= Beginning of Section =

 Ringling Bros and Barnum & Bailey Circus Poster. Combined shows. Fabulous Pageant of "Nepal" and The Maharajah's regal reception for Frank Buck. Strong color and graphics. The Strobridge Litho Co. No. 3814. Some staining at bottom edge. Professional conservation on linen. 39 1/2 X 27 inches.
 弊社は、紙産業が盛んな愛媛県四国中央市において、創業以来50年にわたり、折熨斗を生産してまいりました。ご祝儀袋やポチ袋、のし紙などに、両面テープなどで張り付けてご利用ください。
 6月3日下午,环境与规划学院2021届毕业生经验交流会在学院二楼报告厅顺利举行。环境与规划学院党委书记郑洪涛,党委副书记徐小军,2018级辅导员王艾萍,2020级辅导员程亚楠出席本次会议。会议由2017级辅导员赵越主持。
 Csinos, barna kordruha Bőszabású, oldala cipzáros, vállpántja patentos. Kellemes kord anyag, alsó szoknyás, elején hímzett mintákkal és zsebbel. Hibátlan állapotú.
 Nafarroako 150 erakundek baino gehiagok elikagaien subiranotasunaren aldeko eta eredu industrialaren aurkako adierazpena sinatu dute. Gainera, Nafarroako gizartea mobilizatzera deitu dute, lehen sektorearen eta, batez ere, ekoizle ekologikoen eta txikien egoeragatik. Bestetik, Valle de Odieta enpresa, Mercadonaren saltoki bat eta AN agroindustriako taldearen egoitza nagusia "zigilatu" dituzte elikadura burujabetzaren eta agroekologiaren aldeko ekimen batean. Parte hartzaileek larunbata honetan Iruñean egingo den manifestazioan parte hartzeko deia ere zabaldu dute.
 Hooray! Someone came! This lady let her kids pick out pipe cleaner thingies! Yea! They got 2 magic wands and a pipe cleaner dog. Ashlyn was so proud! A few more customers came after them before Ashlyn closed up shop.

= End of Section =

Repeat the material word for word from its opening line up to and including the line containing "Nafarroako 150 erakundek".

[Response box]:
 Ringling Bros and Barnum & Bailey Circus Poster. Combined shows. Fabulous Pageant of "Nepal" and The Maharajah's regal reception for Frank Buck. Strong color and graphics. The Strobridge Litho Co. No. 3814. Some staining at bottom edge. Professional conservation on linen. 39 1/2 X 27 inches.
 弊社は、紙産業が盛んな愛媛県四国中央市において、創業以来50年にわたり、折熨斗を生産してまいりました。ご祝儀袋やポチ袋、のし紙などに、両面テープなどで張り付けてご利用ください。
 6月3日下午,环境与规划学院2021届毕业生经验交流会在学院二楼报告厅顺利举行。环境与规划学院党委书记郑洪涛,党委副书记徐小军,2018级辅导员王艾萍,2020级辅导员程亚楠出席本次会议。会议由2017级辅导员赵越主持。
 Csinos, barna kordruha Bőszabású, oldala cipzáros, vállpántja patentos. Kellemes kord anyag, alsó szoknyás, elején hímzett mintákkal és zsebbel. Hibátlan állapotú.
 Nafarroako 150 erakundek baino gehiagok elikagaien subiranotasunaren aldeko eta eredu industrialaren aurkako adierazpena sinatu dute. Gainera, Nafarroako gizartea mobilizatzera deitu dute, lehen sektorearen eta, batez ere, ekoizle ekologikoen eta txikien egoeragatik. Bestetik, Valle de Odieta enpresa, Mercadonaren saltoki bat eta AN agroindustriako taldearen egoitza nagusia "zigilatu" dituzte elikadura burujabetzaren eta agroekologiaren aldeko ekimen batean. Parte hartzaileek larunbata honetan Iruñean egingo den manifestazioan parte hartzeko deia ere zabaldu dute.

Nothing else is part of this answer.